Content starts

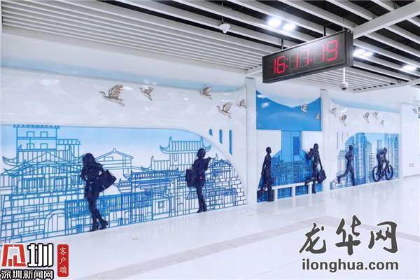 2015年,曾經(jīng)的深圳經(jīng)濟特區(qū)“梅林關(guān)檢查站”正式退出歷史舞臺,由梅林關(guān)等組成的深圳特區(qū)管理線,是特區(qū)建設(shè)的歷史見證,承載著城市的記憶。一進(jìn)站廳層,雕塑作品《梅林關(guān)記憶》便讓人留下深刻印象,該作品的畫面主背景為已拆除的“梅林關(guān)聯(lián)檢大樓”,透過兩側(cè)的半拱造型、線性結(jié)構(gòu)建筑使得深圳的厚重歷史與飛速發(fā)展清晰可見。
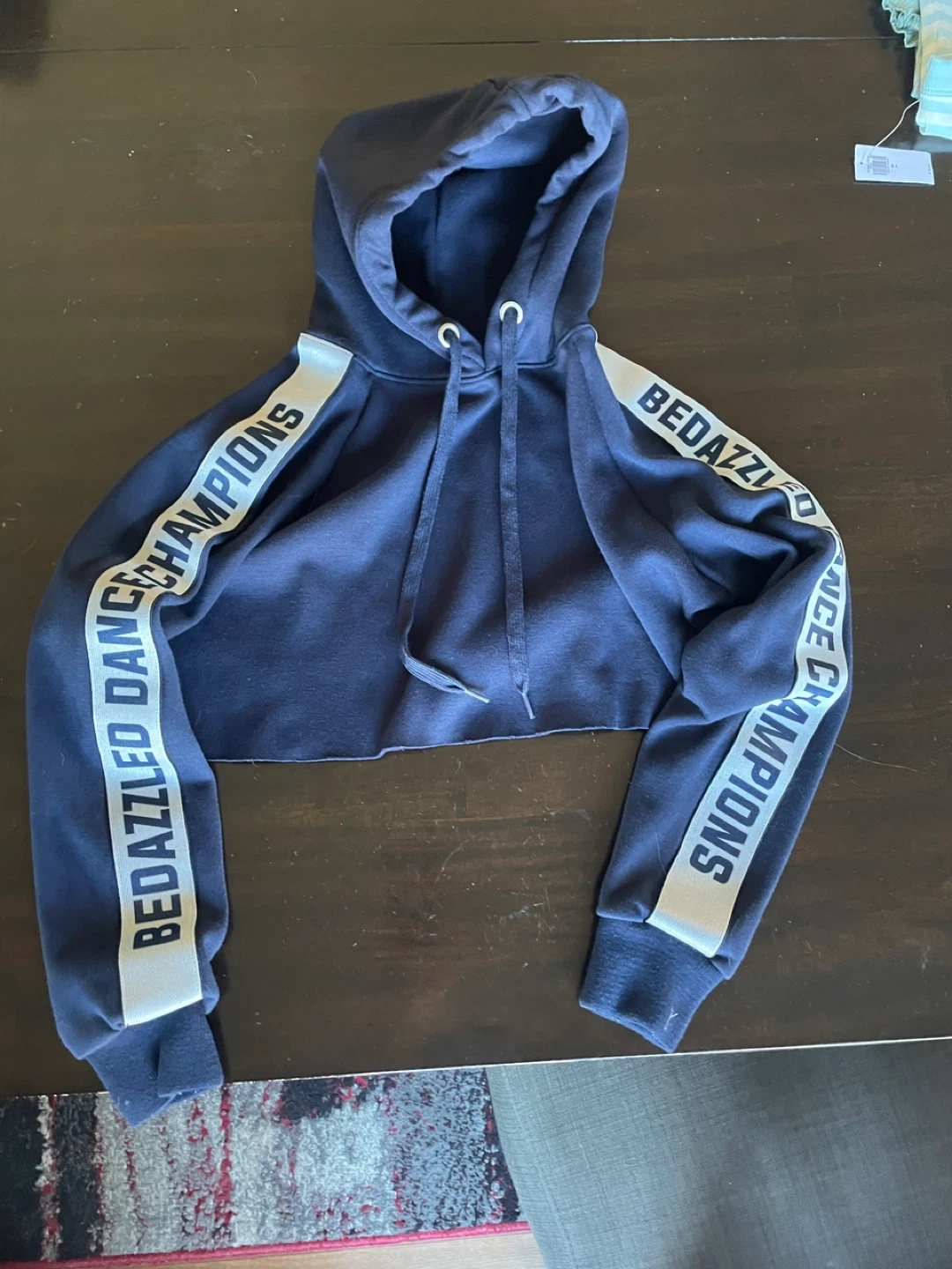 Selling a cute navy blue cropped hoodie with "Bedazzled Dance Champions" printed on the sleeves! It's in great condition and perfect for dance practice or casual wear
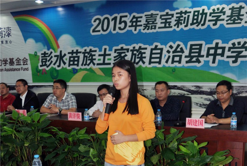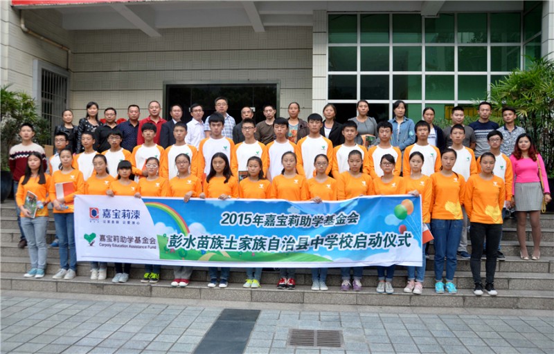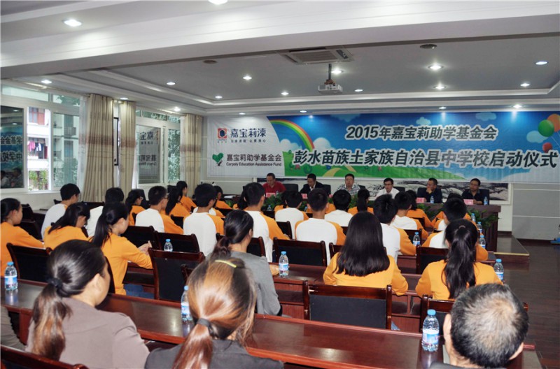 10月21日,2015年嘉寶莉助學(xué)啟動(dòng)儀式在彭水中學(xué)多功能廳舉行,30名來(lái)自烏江下游兩岸的苗族、土家族高一優(yōu)秀貧困學(xué)子喜獲資助。高中三年,他們將獲得嘉寶莉助學(xué)基金會(huì)每人每年2000元的資助。
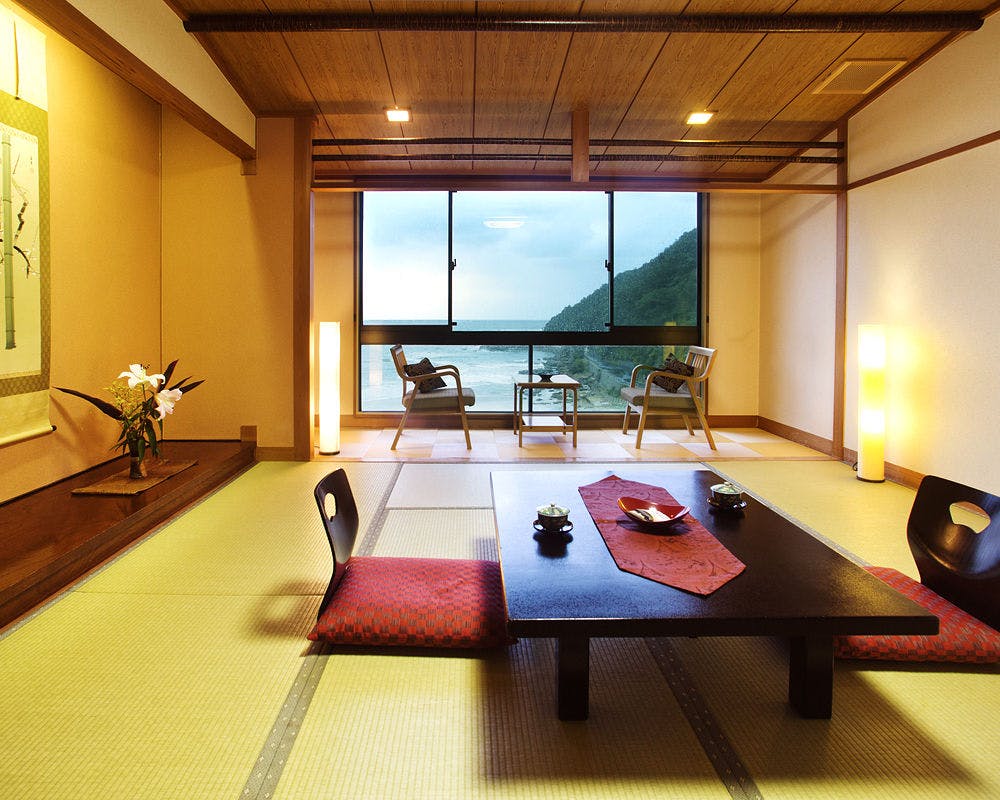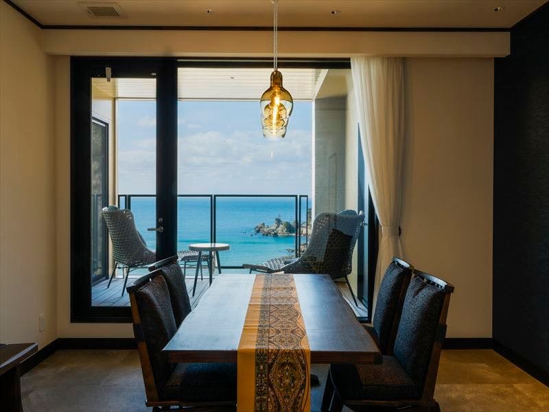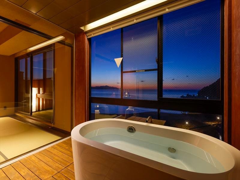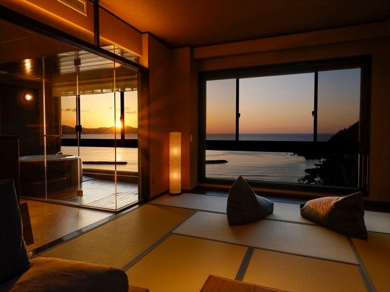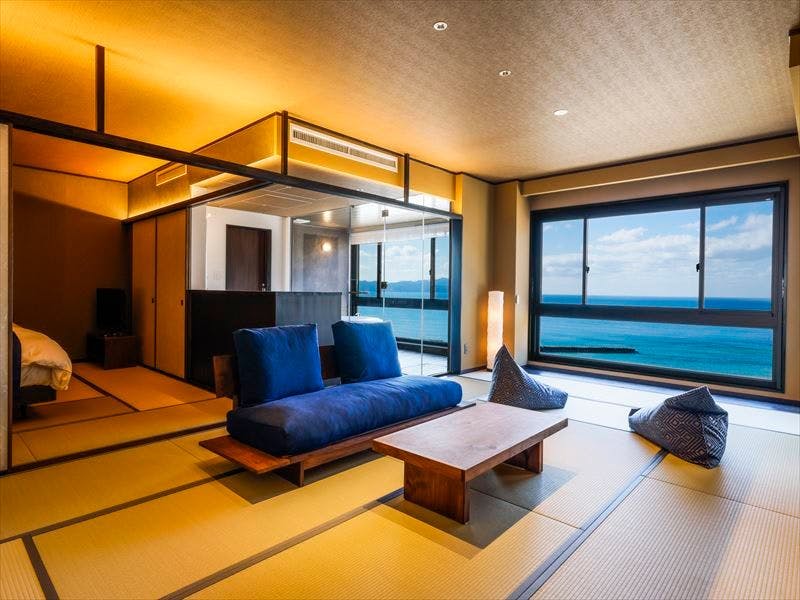 14帖の和室、ベッドルーム、ジャグジー付半露天温泉、専用食事室、テラスすべて”絶景”オーシャンビュー
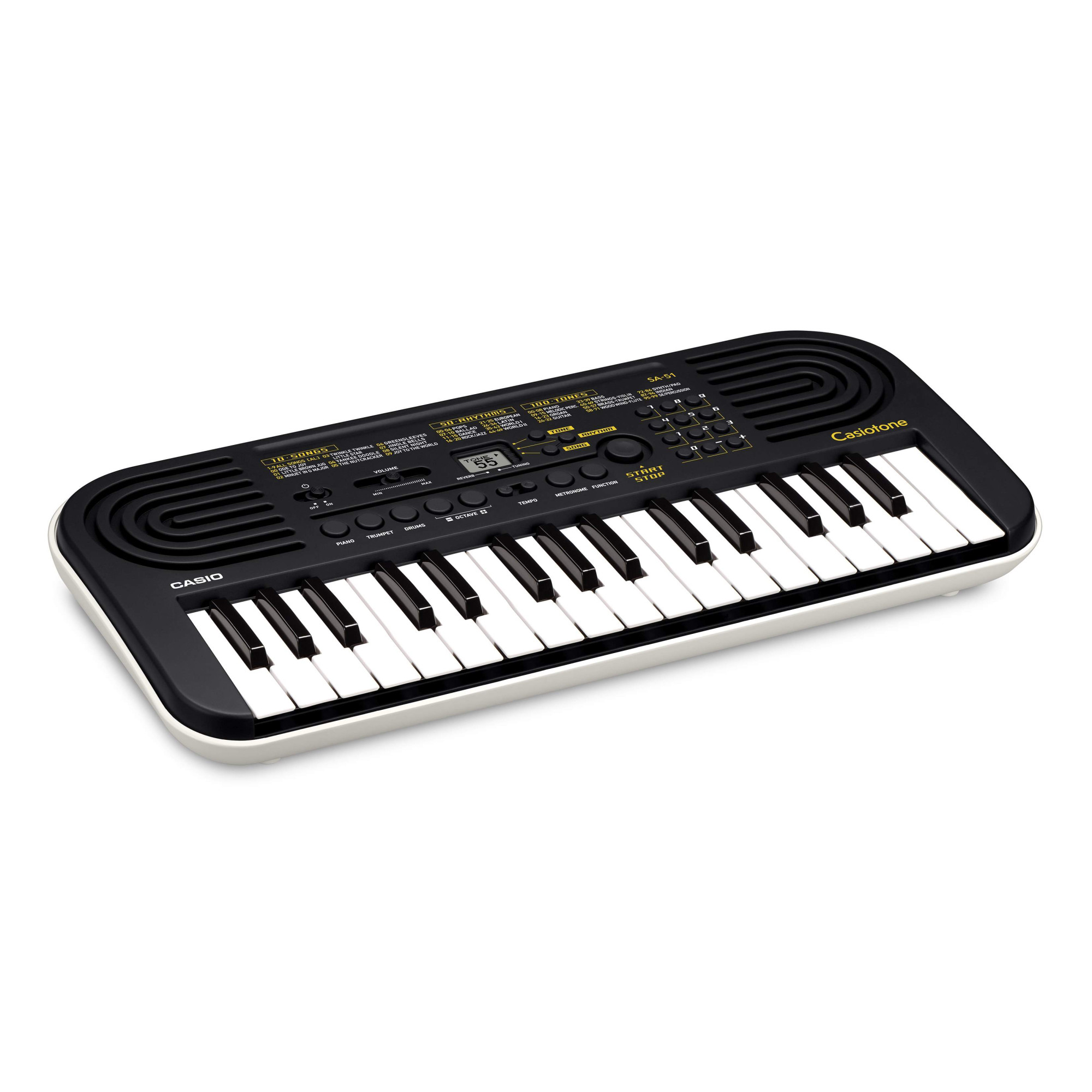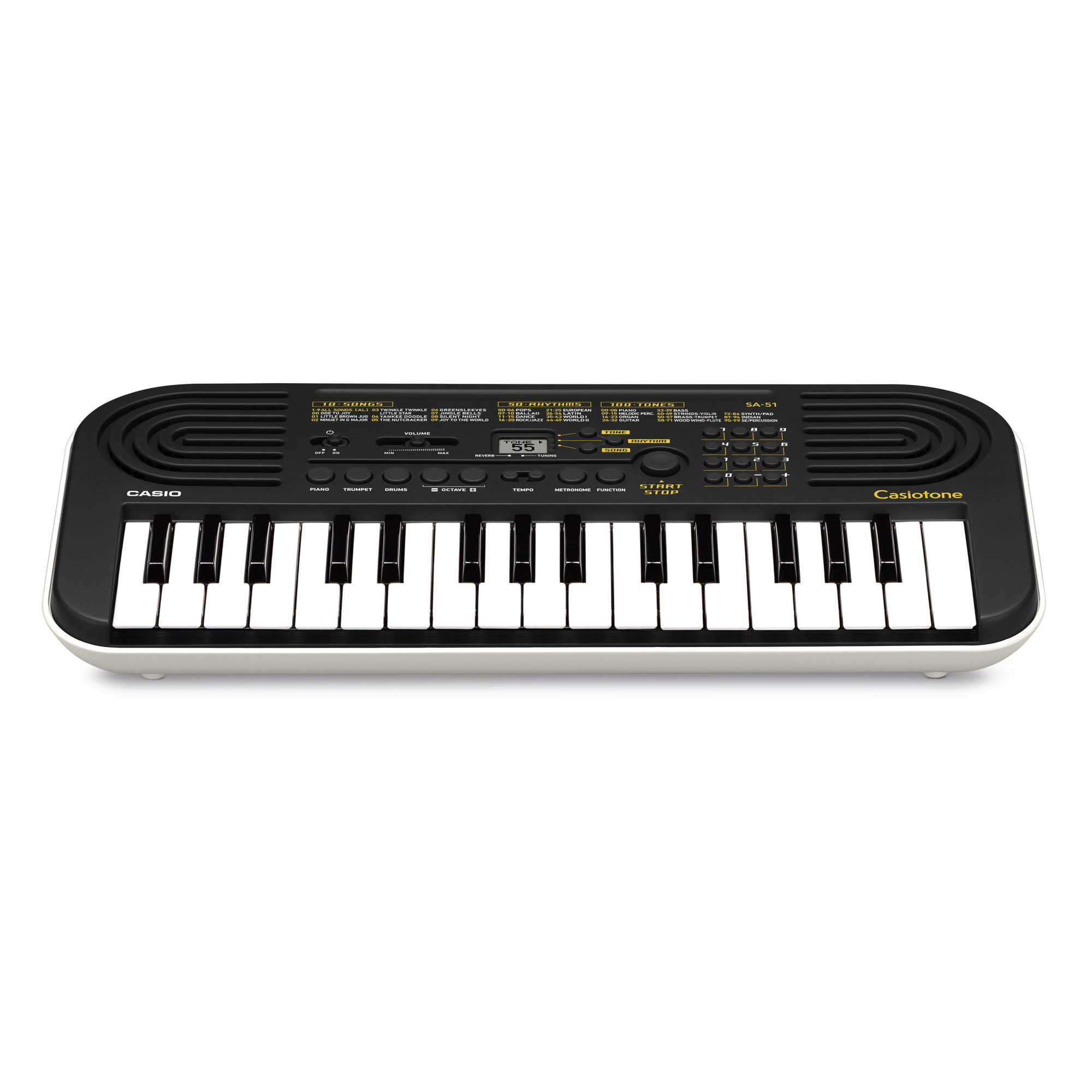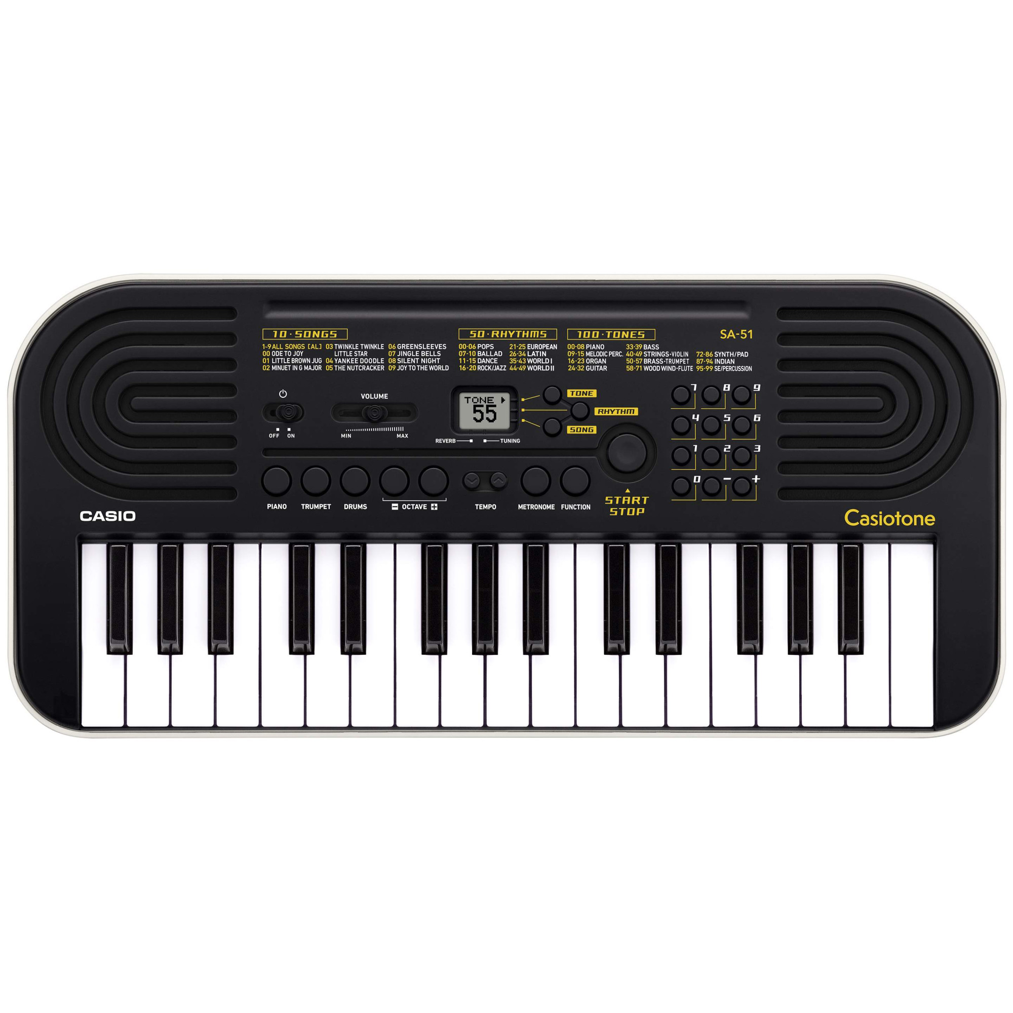 Простий у використанні та веселий у грі, Casio SA-51 – ідеальний вибір для першого клавішного інструменту. 32 міні-клавіші полегшують гру навіть для маленьких рук. 100 високоякісних вбудованих тембрів, що охоплюють широкий спектр інструментів, включаючи фортепіано, духові, ударні та багато інших. Найпопулярніші тембри можна вибирати не лише за допомогою цифрової панелі, але й скориставшись спеціальними кнопками прямого вибору. 50 ритмів у різних жанрах, включаючи поп, балади, танці і т.д. Завдяки функції відключення мелодій можна відключити мелодію у вбудованих композиціях і підігравати самому, а можливість уповільнення мелодії та функція метронома допоможуть довести виконання до досконалості.

Content ends

• **Assignment**
Leave out the pictures, and retype exactly the lines from the one containing "14帖の和室、ベッドルーム、" through the last line of the data above, no more and no less.

• **Response for this exercise**
 14帖の和室、ベッドルーム、ジャグジー付半露天温泉、専用食事室、テラスすべて”絶景”オーシャンビュー
 Простий у використанні та веселий у грі, Casio SA-51 – ідеальний вибір для першого клавішного інструменту. 32 міні-клавіші полегшують гру навіть для маленьких рук. 100 високоякісних вбудованих тембрів, що охоплюють широкий спектр інструментів, включаючи фортепіано, духові, ударні та багато інших. Найпопулярніші тембри можна вибирати не лише за допомогою цифрової панелі, але й скориставшись спеціальними кнопками прямого вибору. 50 ритмів у різних жанрах, включаючи поп, балади, танці і т.д. Завдяки функції відключення мелодій можна відключити мелодію у вбудованих композиціях і підігравати самому, а можливість уповільнення мелодії та функція метронома допоможуть довести виконання до досконалості.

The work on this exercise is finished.